Data
· · ·

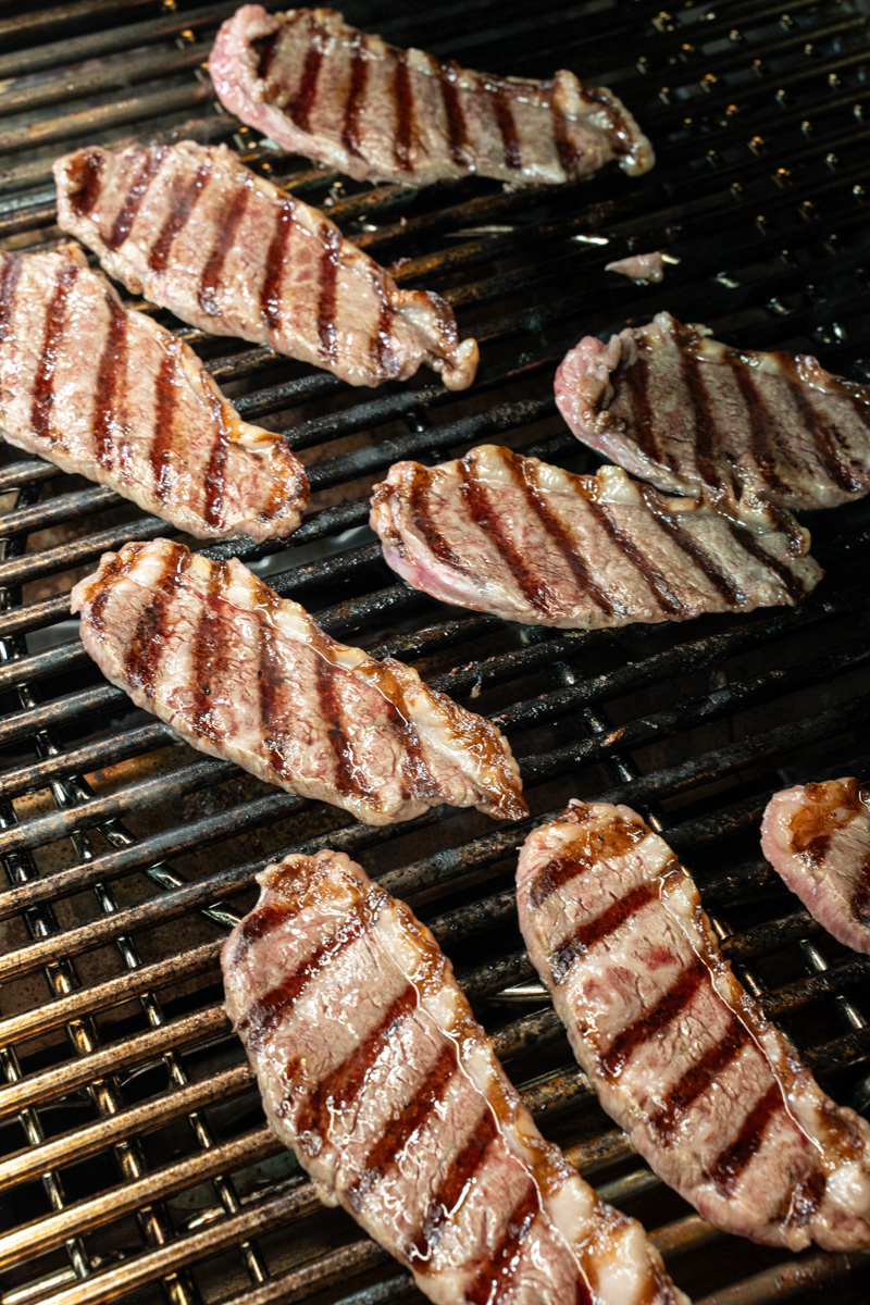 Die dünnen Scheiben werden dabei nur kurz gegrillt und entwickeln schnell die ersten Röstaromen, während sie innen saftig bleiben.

· · ·

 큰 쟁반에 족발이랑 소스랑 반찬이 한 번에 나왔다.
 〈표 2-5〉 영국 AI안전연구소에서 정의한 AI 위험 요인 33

· · ·

Task details
Repeat, character for character, the lines of the material above from the line with "큰 쟁반에 족발이랑 소스랑 반찬이 한 번에 나왔다." through the line with "AI 위험 요인 33".

The completed task
 큰 쟁반에 족발이랑 소스랑 반찬이 한 번에 나왔다.
 〈표 2-5〉 영국 AI안전연구소에서 정의한 AI 위험 요인 33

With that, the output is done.